Makaleler

Ego Nedir?

Yazar: Hakan Kutluay

Ego, id ve süperego ile ayrılmaz olan, insan zihnine ait katmanlardan biridir. Bu katmanlar birbiriyle bağlantılı olmalarına rağmen farklı görevleri üstlenirler. Psikoloji tarihinde bir çok psikolog ve psikiyatristin de araştırma alanı olan bu katmanlar, günümüzde hâlâ güncel araştırma konuları içinde yer alır.

Ego, insanın dış dünyaya dair kuralları büyüdükçe kavrarken geliştirdiği, bu dünyayla uyum içinde yaşamasını sağlayan zihinsel işlevler bütünüdür. Kişinin iç dünyasında süregelen haz arayışı ve dış dünyada hakim olan gerçekler arasında dengeyi kuran bir araçtır. 

Egonun sahip olduğu yetiler;

  • Dürtülerin farkına varılıp, algılanmasına yardımcı olmak. Örneğin açlık, cinsellik...
  • Dış dünyaya ait koşulların algılanması. İhtiyaçların nereden nasıl temin edilebileceğini öğrenmek gibi...
  • Dürtülerin koşullara uyacak seviyeye getirilmesi. İhtiyaç duyulan şeyi çalmak yerine para verip satın almak gibi...
  • Uygun ve uyumcul davranışın eyleme geçirilmesi.

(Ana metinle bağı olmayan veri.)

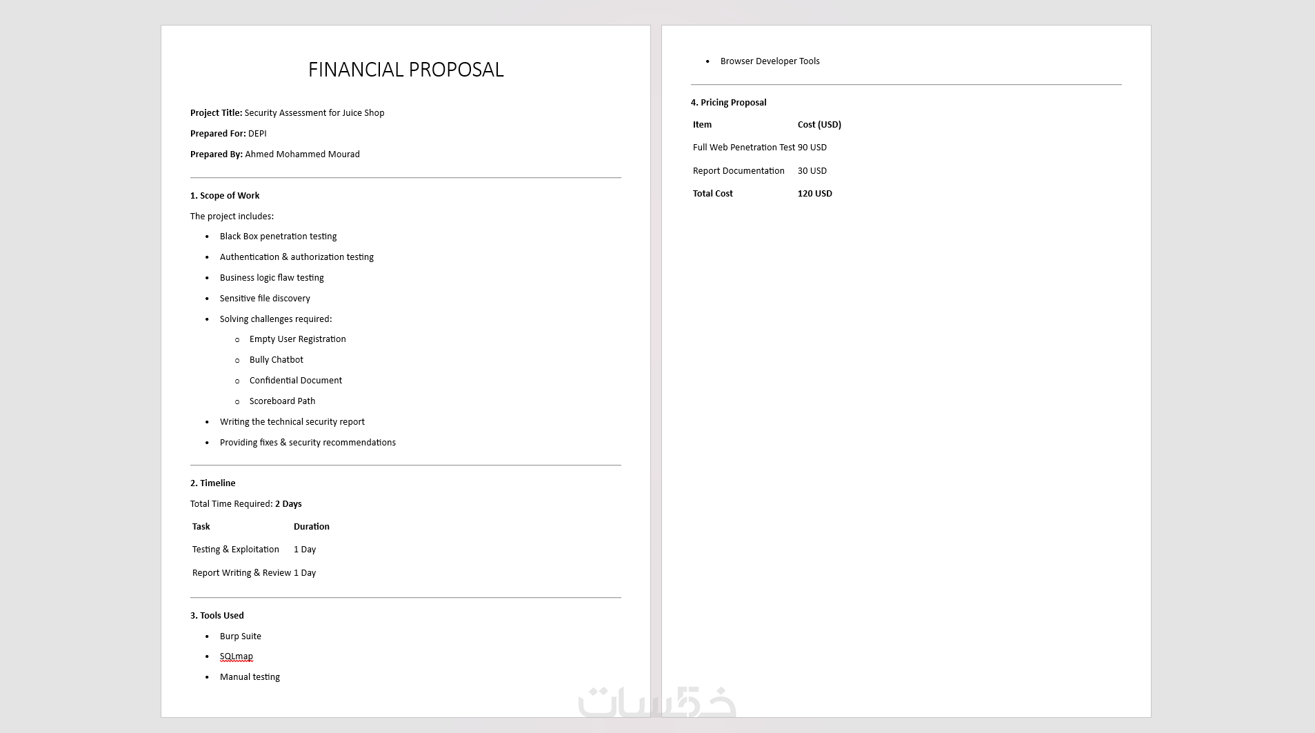 تسليم ملف PDF يوضح الثغرات المكتشفة مع لقطات شاشة (Screenshots) وتوصيات تقنية دقيقة لعلاجها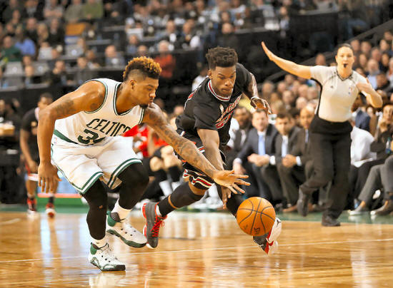 guard Marcus Smart (L) and Chicago Bulls guard Jimmy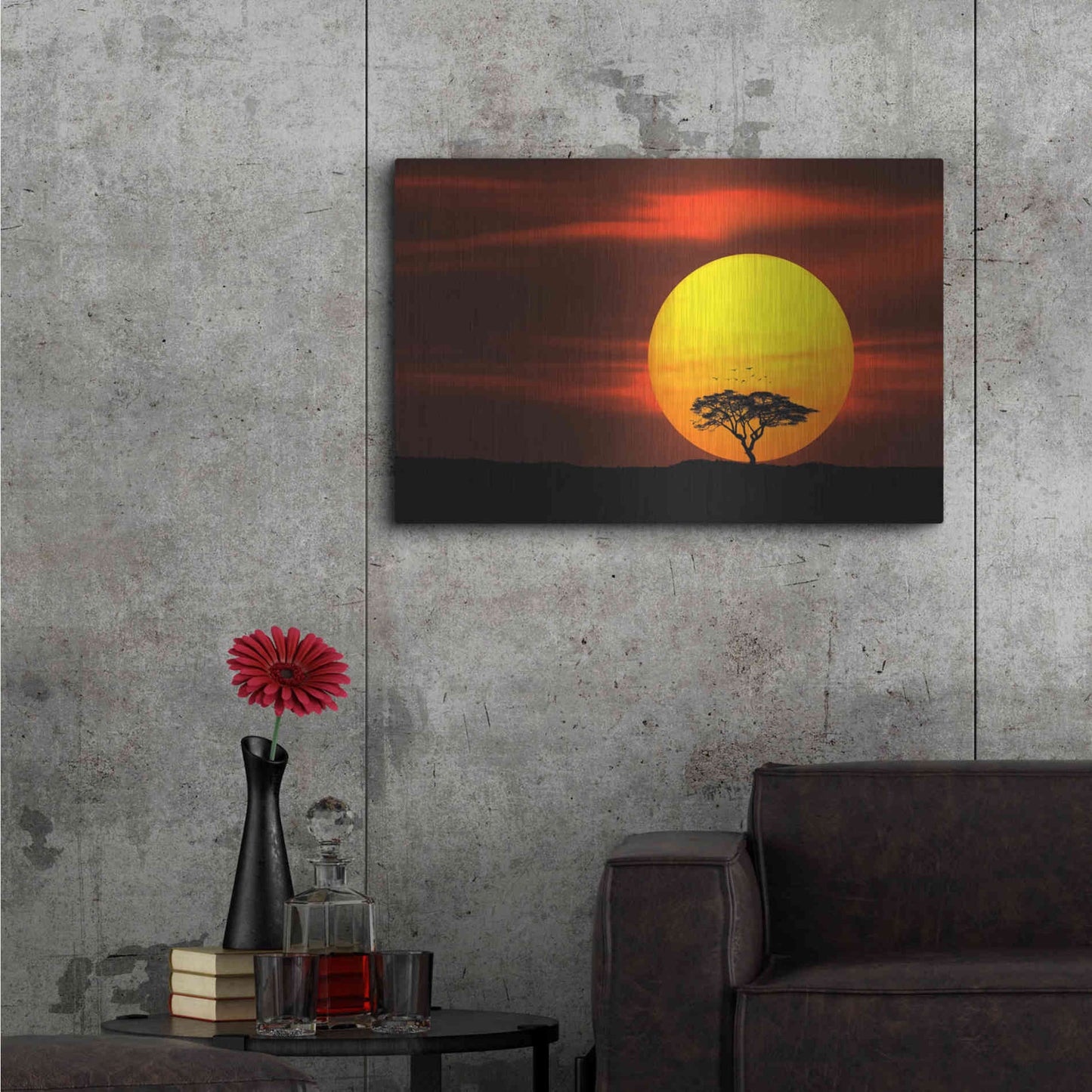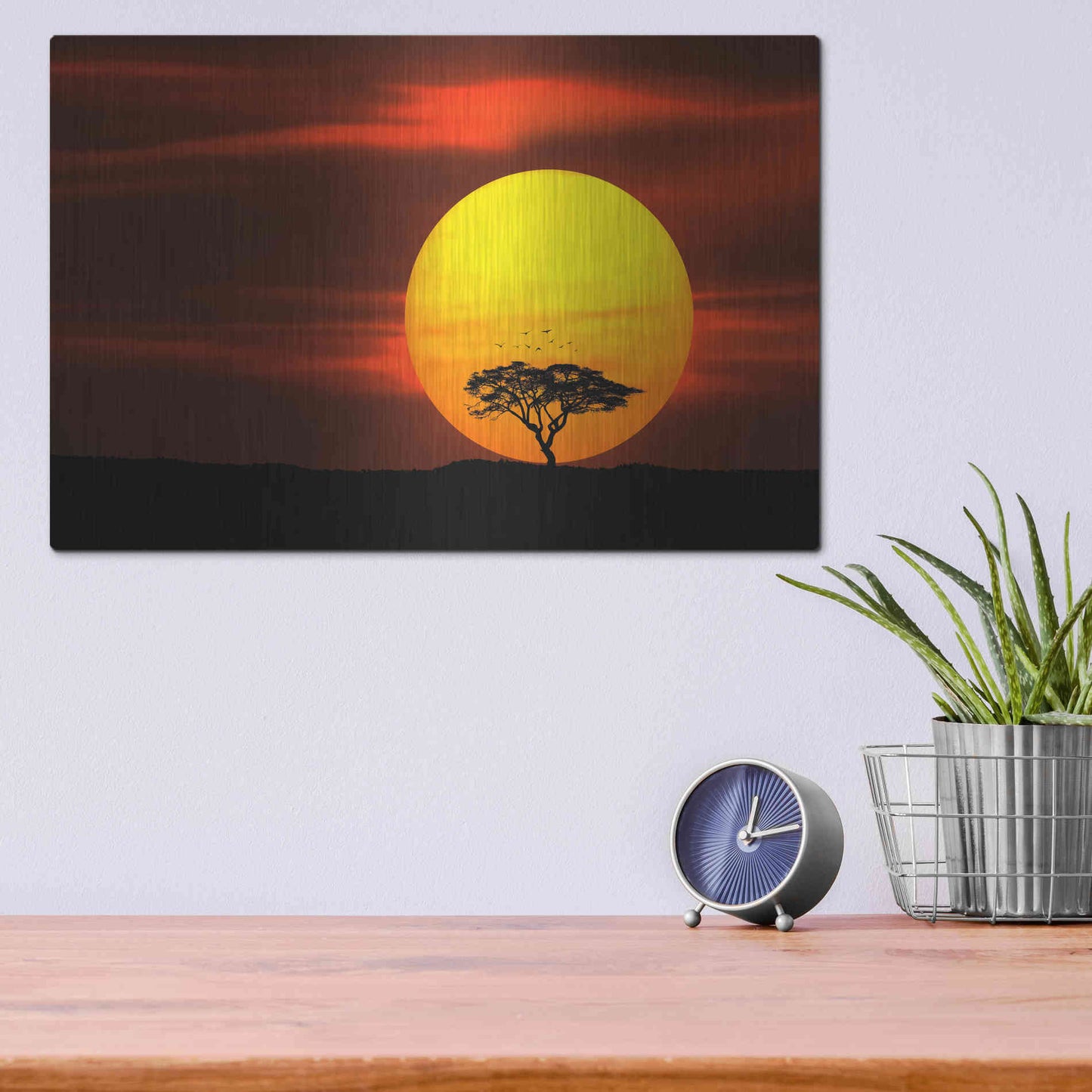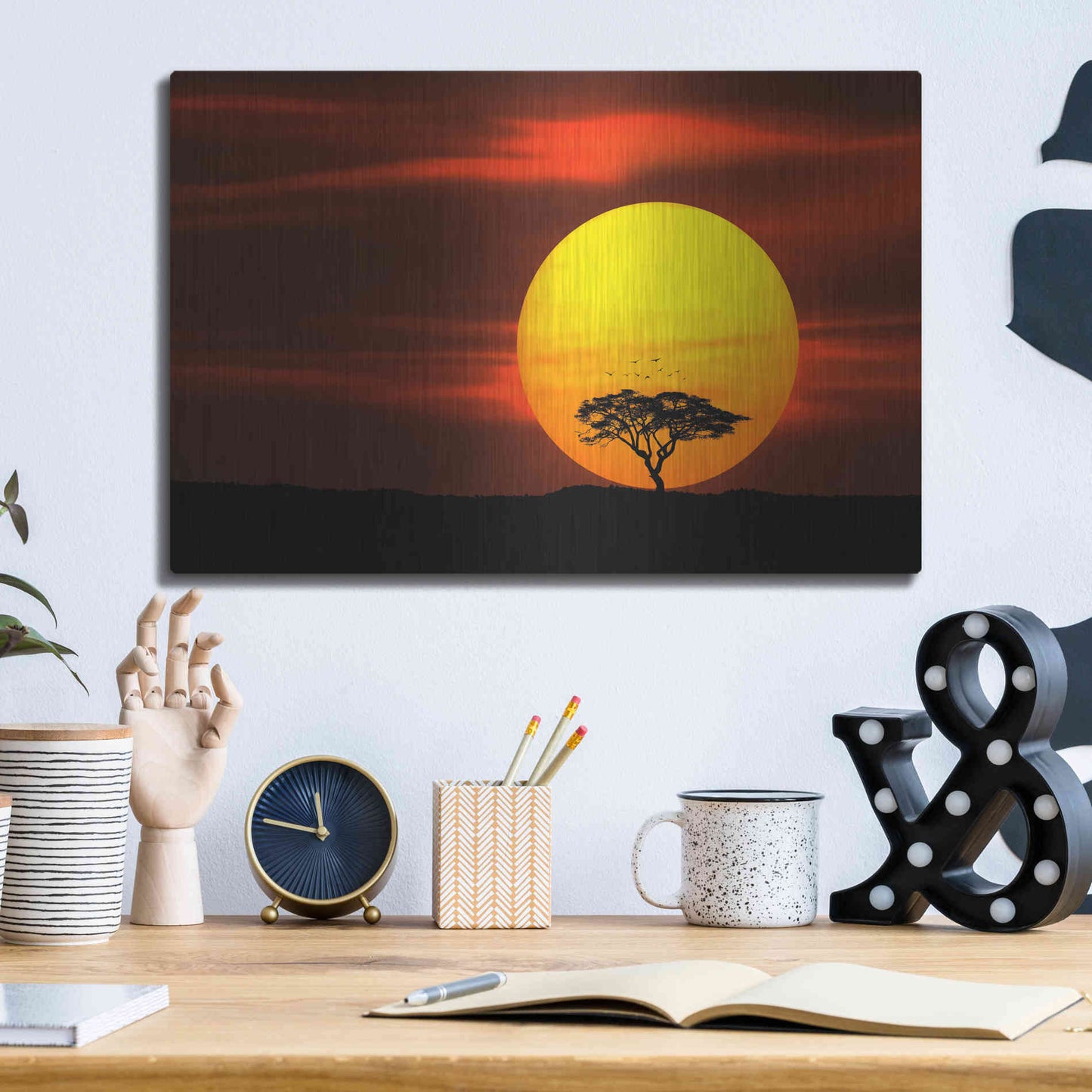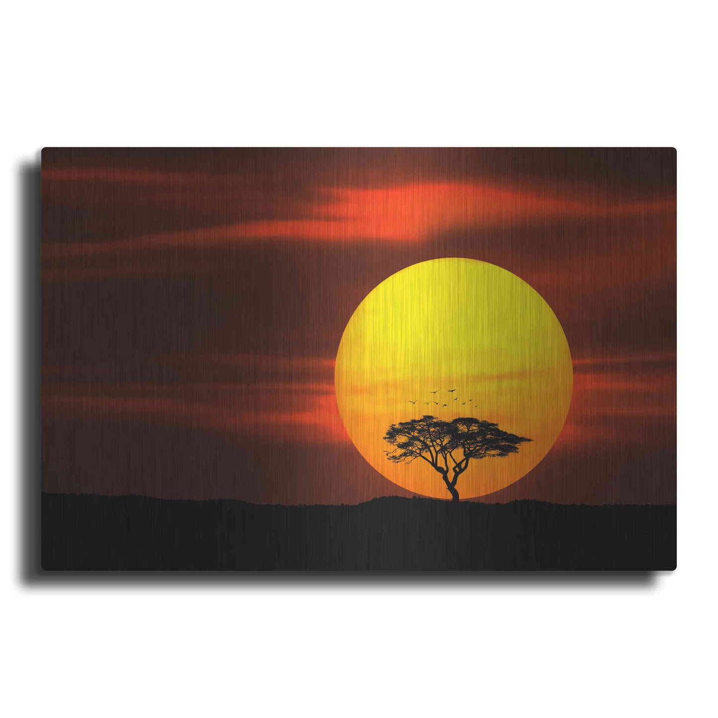 Luxe Metal Art 'Circle of Life', Metal Wall Art Featuring a beautiful composition of a tree against a sunset.

Diğer zihin katmanlarından olan id, tüm ilkel isteklerimizin, dürtülerimizin, hazlarımızın ait olduğu katmandır. Tüm insanlarda ortak olarak bulunan açlık, susuzluk, cinsellik, şiddet, sevgi, sevilme gibi dürtüler bu katmana aittir. İd insan kişiliğinin şımarık çocuğudur. Çoğu zaman en olmadık zamanlarda en olmadık şeyleri ister ve sabırsızca bir an önce gerçekleşmesini ister. İsteğinin ertelenmesine ise öfkeyle tepki verir. Acı veren her şeyden uzaklaşıp hazzın olduğu anları arzular. Ego ise, id’in bu olmadık istekleri karşısında düzenlemeyi yapan mekanizmadır. İd’in talep ettiğini gerçeklik ilkesi ile değerlendirir sonuca göre eyleme geçilmesini sağlar. Eğer ki sonuç olumsuzsa sabrederek, daha doğru bir seçimin gerçekleşmesine yardımcı olur. 

Süperego ise toplumsal değer yargılarını, kişinin ulaşmak istediği İdeal Ben’i temsil eder. Süperego dış dünyayı gözlemleyerek kendi normlarına göre belli anayasalar oluşturur.  Kişiliğin vicdanlı ahlaklı yönünü temsil eder. 

Bu üç katman arasındaki işleyişi şöyle bir örnekle anlatmak mümkündür; işle ilgili önemli bir yemeğe davet edildiniz. Yemek yenecek yere gittiğinizde henüz herkesin gelmediğini farkettiniz. Kimse yemek yemeye başlamamış ama siz çok açsınız. Bu durumda id’in vereceği talimat “Beni doyur.” olur. İd’in ilkel istediğine karşı süperego, “Herkes gelmeden önce yemeğe başlamak çok kabaca bir harekettir. Bunu yaparsan dışlanır ve küçük düşersin.” der.  Böyle bir durumda ego devreye girerek bu ikisinin arasındaki dengeyi kurmaya çalışır ve şöyle bir müdahelede bulunur; “Yemeye başlarsan bu çok kaba bir hareket olacak ama aç kalırsan da sinirlerin gerilecek. Bu yüzden çaktırmadan mutfaktan atıştıracak bir şey rica edip ye, sonra yemek masasına geri gel.”

İnsan hayatını kolaylıkla yönlendirebilecek bu katmanlar arasında sağlıklı bir ilişkinin olmasına dikkat etmek gerekir. Güçlü bir egonun, her zor şarta dayanıklı olduğu, stresle, yenilgiyle yılmadığı, dengeyi istikrarla sağladığı unutulmamalıdır. Sağlıklı bir ego için ise, kıyaslamalardan, kıskançlıktan uzak durmak ve negatif olaylardan etkilenmemeye yoğunlaşmak yeterlidir.